Let the beatings commence...

Remember fellas that have never posted pics of their work there will ALWAYS be haters. 

Lol


----------



## Widdershins (Feb 5, 2011)

Plumberman said:


> Let the beatings commence...
> 
> Remember fellas that have never posted pics of their work there will ALWAYS be haters.
> 
> Lol


 I like those caps.

Where do you get 'em?


----------



## sikxsevn (Jun 23, 2009)

Looks good!


----------



## Mississippiplum (Sep 30, 2011)

Widdershins said:


> I like those caps.
> 
> Where do you get 'em?


 
thats what we use here, i like them.


btw nice job


----------



## ROCKSTARPLUMBER (Dec 14, 2008)

Bottom picture, top left stack, looks like 1-1/2" pipe. Is that a wet or dry vent? looks good too. Level stacks are happy stacks.


----------



## ILPlumber (Jun 17, 2008)

I like it......

And yes I have work pics floating around here a few places.:laughing:


----------



## easttexasplumb (Oct 13, 2010)

Is that pex! :laughing:


----------



## gitnerdun (Nov 5, 2008)

See that wasn't so bad, nothing but love, no haters yet.

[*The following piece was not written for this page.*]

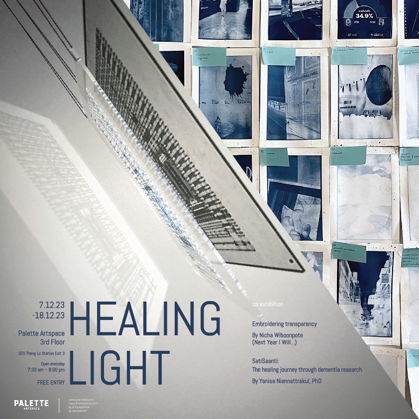 “Healing Light” is a collaborative exhibition that showcases the creative talents of Nicha Wiboonpote (@nextyeariwill) and Yanisa Niennattrakul (@dr.honeyyanisa), which employ diverse embroidery and cyanotype techniques to convey their unique visions. This showcase explores the multifaceted concept of light, interpreting it as a powerful medium for artistic expression and a therapeutic instrument for healing. The first perspective harnesses “light” as a potent artistic medium, providing a means to express form amid the world’s chaos. The second perspective underscores the importance of art and craftsmanship in self-reflection and rejuvenation, contributing to the healing process. Ultimately, this exhibition serves as an inspiring starting point for overcoming fears and embarking on a journey of self-discovery.

I think those are "techno caps, that's what we have here.


----------



## Plumberman (Jul 7, 2008)

Widdershins said:


> I like those caps.
> 
> Where do you get 'em?


Techno Caps

We get them locally at LCR "The Plumbing Warehouse"


----------



## Plumberman (Jul 7, 2008)

ROCKSTARPLUMBER said:


> Bottom picture, top left stack, looks like 1-1/2" pipe. Is that a wet or dry vent? looks good too. Level stacks are happy stacks.


That's a drain for a wash basin on the left side wall outside the bathroom. It's not 1 1/2 though it's 2"

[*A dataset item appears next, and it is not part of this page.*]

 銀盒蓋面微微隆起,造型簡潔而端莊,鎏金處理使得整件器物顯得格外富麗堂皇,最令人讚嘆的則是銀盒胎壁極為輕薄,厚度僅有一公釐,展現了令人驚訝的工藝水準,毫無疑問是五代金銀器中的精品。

This rough in is at a t shirt decal store... Well they do all kinds of decal work, company shirts, school sports shirts the whole nine.

The only wet vent I have is the 3" stubbed 
up, it's going to catch both my lavs.


----------



## Mississippiplum (Sep 30, 2011)

what piping material are you gonna use for water distrubution?


----------



## hroark2112 (Apr 16, 2011)

Personally, I like the yellow test caps 

We can't use 1 1/2" below slab here. I forgot once. Dammit.


----------



## Plumberman (Jul 7, 2008)

hroark2112 said:


> Personally, I like the yellow test caps
> 
> We can't use 1 1/2" below slab here. I forgot once. Dammit.


Where's the 1 1/2?


----------



## Plumberman (Jul 7, 2008)

Mississippiplum said:


> what piping material are you gonna use for water distrubution?


Copper


----------



## Tommy plumber (Feb 19, 2010)

It's nice to have existing walls up to measure from as opposed to being out in a ditch with string lines....:thumbsup:

I hate sweating my butt off out in the hot sun trying to read a print with sweat dripping onto it.


----------



## 504Plumber (Jan 26, 2011)

where are you plumberman, dirt is too brown to be any further north than mandeville...


----------



## Mississippiplum (Sep 30, 2011)

Plumberman said:


> Copper


amen to that, i love using/working with copper.


----------



## Plumberman (Jul 7, 2008)

Tommy plumber said:


> It's nice to have existing walls up to measure from as opposed to being out in a ditch with string lines....:thumbsup:
> 
> I hate sweating my butt off out in the hot sun trying to read a print with sweat dripping onto it.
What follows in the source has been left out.